# Try it
What you return should match the material below line for line, except that no image appears in it.

# Information supplied

"""

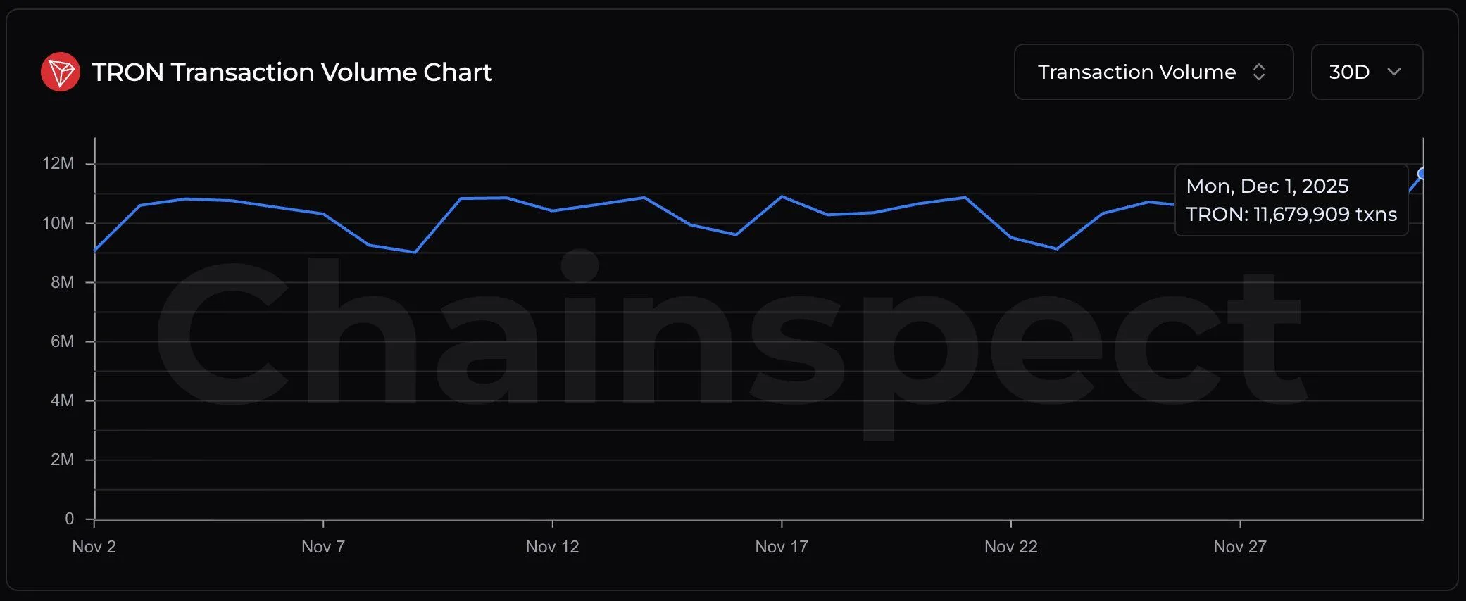 A breakout must come with convincing volume to shift trader psychology. If that happens, TRX could gain momentum. If not, it risks being squeezed lower. To add on to the bullish narrative, at the overall transactions, TRON processed 11.67M+ transactions on Dec 1, its highest daily activity in the last 30 days. And with this, momentum is clearly building.
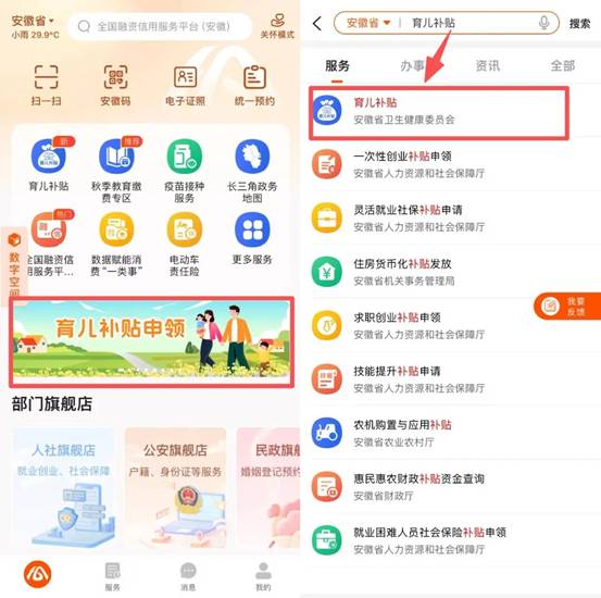 1.可通过“皖事通”APP、支付宝小程序进行申领。以“皖事通”APP为例,首页搜索“育儿补贴”或者点击轮播图进入服务。
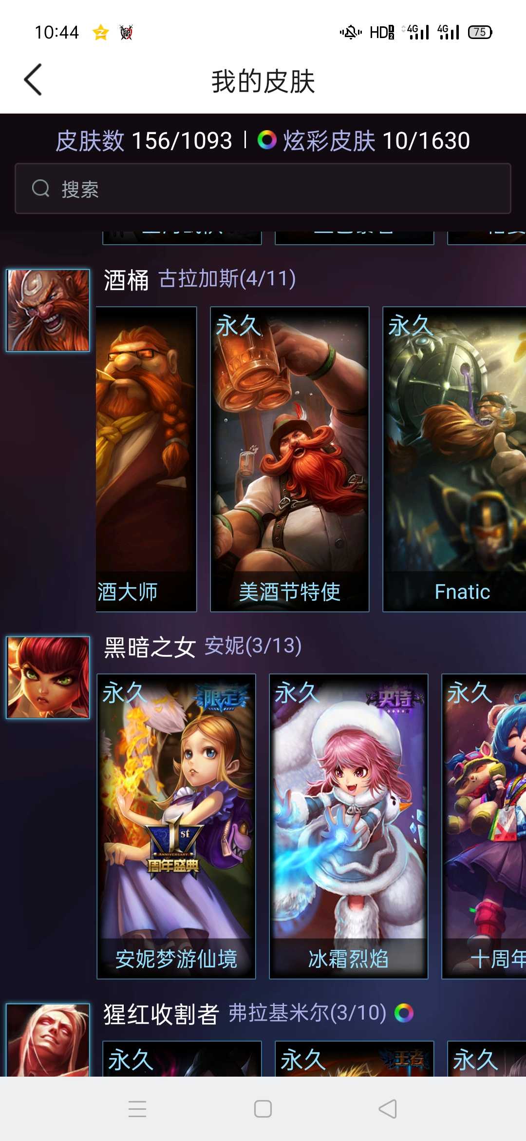 装备描述:英雄基本全有,皮肤156个,大部分英雄都有皮肤

"""

# Reply
 A breakout must come with convincing volume to shift trader psychology. If that happens, TRX could gain momentum. If not, it risks being squeezed lower. To add on to the bullish narrative, at the overall transactions, TRON processed 11.67M+ transactions on Dec 1, its highest daily activity in the last 30 days. And with this, momentum is clearly building.
 1.可通过“皖事通”APP、支付宝小程序进行申领。以“皖事通”APP为例,首页搜索“育儿补贴”或者点击轮播图进入服务。
 装备描述:英雄基本全有,皮肤156个,大部分英雄都有皮肤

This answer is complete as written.